After an absence, return.

Photo by Molly S.

A long while away from this space after a day last week that began easily enough in our kitchen with my daughter and transpired into another Dartmouth ER visit and a prolonged stay. Days and nights chopped into mosaic pieces. MDs and RNs, the revolving cast of the Dartmouth surgical team, my daughters, pain meds, ice chips, me sitting up and begging for a patch-up to get me to my next chemo appointment… Get me out of this chronic patient repeat.

Now, five of the six chemo treatments completed, I am in the final haul. While my in-box filled up (thank you for your patience), and I was moved from room to room by kind people, I kept thinking of this cancer in a narrative arc. I had hit the section of story where the impossible commences. Before, things looked grim. But now, as protagonist in my own story, the arc swerves sharply, the longed-for light-at-the-end of the tunnel snuffs out, the path is hidden.

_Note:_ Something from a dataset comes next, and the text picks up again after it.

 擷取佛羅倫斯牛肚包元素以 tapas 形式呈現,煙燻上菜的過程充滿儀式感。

I’m not a writer for naught, for make-believe or play. I’m a writer because I know our lives tread meaningful albeit sometimes horribly hard paths. Lean in, I counseled myself, my shoulders far skinnier now but just as fierce. Use math. Get to the fifth infusion. Get to the sixth. Count down the finite days to the end of this treatment, which is, thankfully, eradicating the cancer. In the mosaic: my two daughters, the plastic IV tubing, the doctors in their masks, the ER nurse who stayed long past his shift in the middle of the night, holding my hand and assuring me that, yes, indeed, I would endure.

This is my story, but also the human story, in all our infinite variations of human desire, choice, the immutability of fate.

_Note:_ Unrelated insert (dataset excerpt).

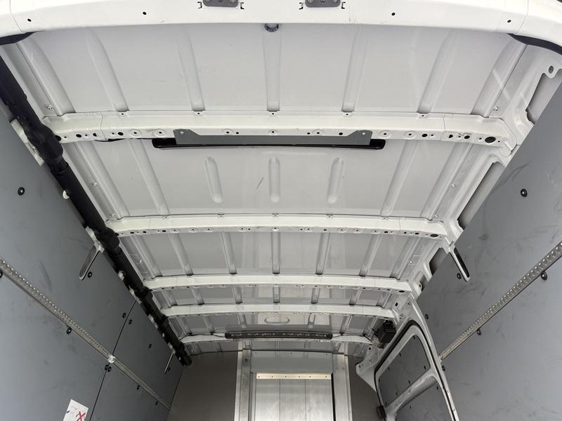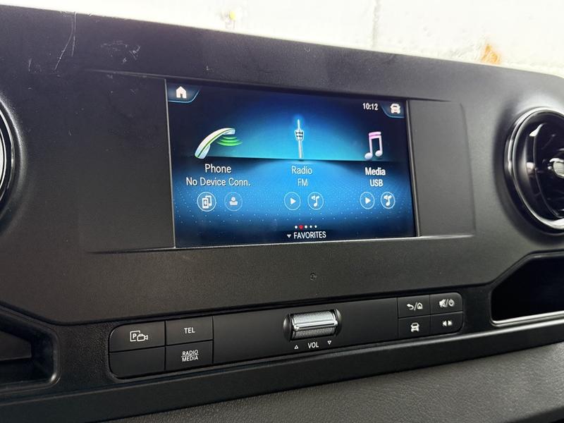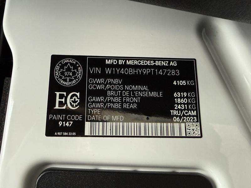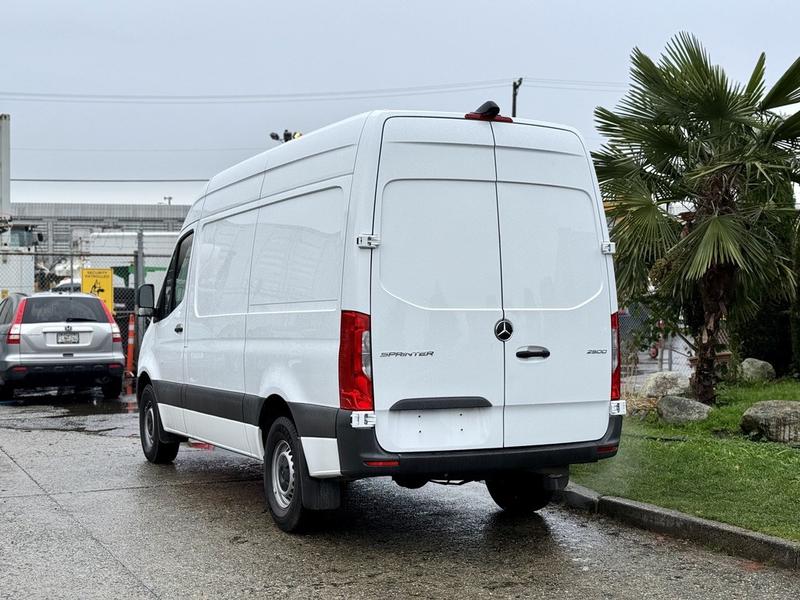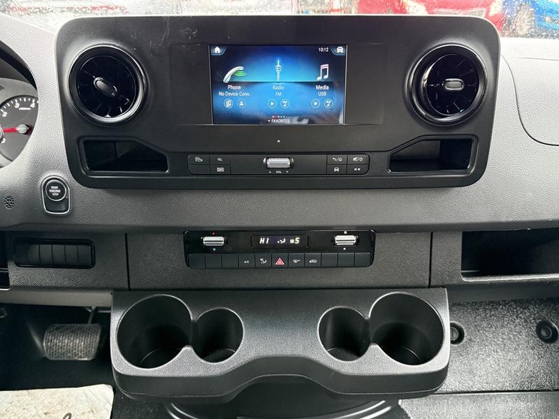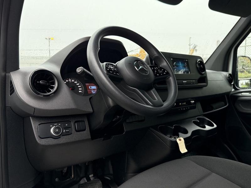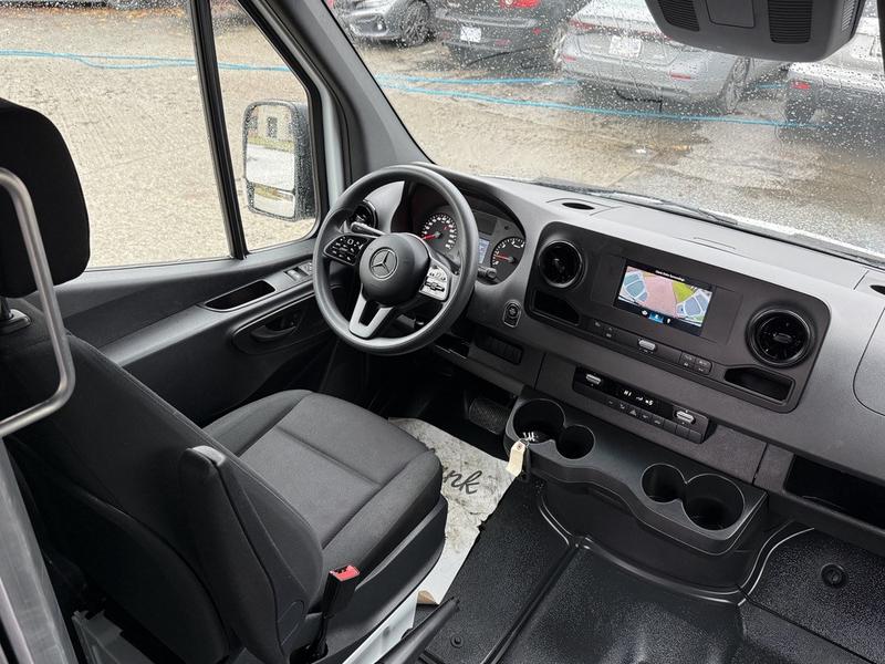 This 2023 Mercedes-Benz Sprinter 2500 high roof cargo van is equipped with a 2.0L 4-cylinder engine, automatic transmission and RWD driveline, and features a white exterior with a black cloth interior. Equipment includes cruise control, navigation, engine push start, back-up camera, air conditioning and heat, cargo lock, rear cargo lights, automatic door lights, power windows, power door locks, power mirrors and a manual-adjusting driver seat, along with an AM/FM radio. The van measures approximately 19 feet 6 inches long, 7 feet 8 inches wide and 8 feet 11 inches high.

Sunny morning in our kitchen, birdsong, the fierce thrust towards spring.

Roaming

Hard up for reading material, I get my 15-year-old to drive to Craftsbury, where I raid the free book pile on the porch.

In this village, we see no one, not a single human soul, only two geese flying overhead. It’s late Saturday afternoon, and she keeps driving on the dirt roads, heading by the Outdoor Center where I worked many years ago, and then by the summer camp where she spent happy summer weeks.

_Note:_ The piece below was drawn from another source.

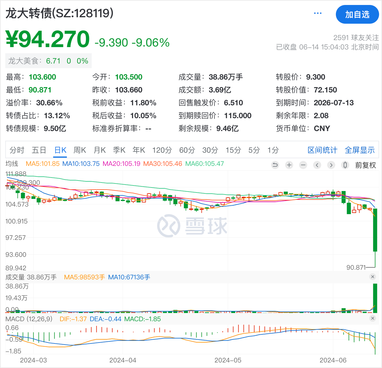 2、龙大转债,正股横盘,转债大跌9.06%,转债价格从103.66暴跌到94.27,全天都在均线以下。

The road crests by the old farmhouse where our friends lived for years, and where we spent so many happy hours. She slows, and we look carefully. The house has been freshly painted and glows a pale yellow on that green hillside.

In one of those strange twists of fate, my former husband and I had also considered buying this house before our friends — who were not yet our friends — did. At that time, the farmhouse hadn’t been inhabited for a few years. A couple with two children had lived there, divorced, and the house had been snarled in the divorce.

In one bedroom, in place of a headboard, pillows had been stapled to the wall. I remember thinking, Who would ever think that’s a good idea?

I ask her to pull over on the side of the road. I get out for a moment and walk into the field where I stand looking at the ridge of mountains in the distance, the house on the hillside, and all that sky overhead.

A pickup pulls up beside my daughter, speaks to her, and drives off. I walk back to the car and asked what happened.

She says, He asked if I needed help. I told him it was just my mother.

She puts the car in gear, and we roll forward, picking up speed along the road. She glances at me sideways and says, I didn’t tell him you wanted to see how far along the tree buds are. That would just be weird.

 Destiny has no beeper; destiny always leans trenchcoated out of an alley with some sort of ‘psst’ that you usually can’t even hear because you’re in such a rush to or from something important you’ve tried to engineer.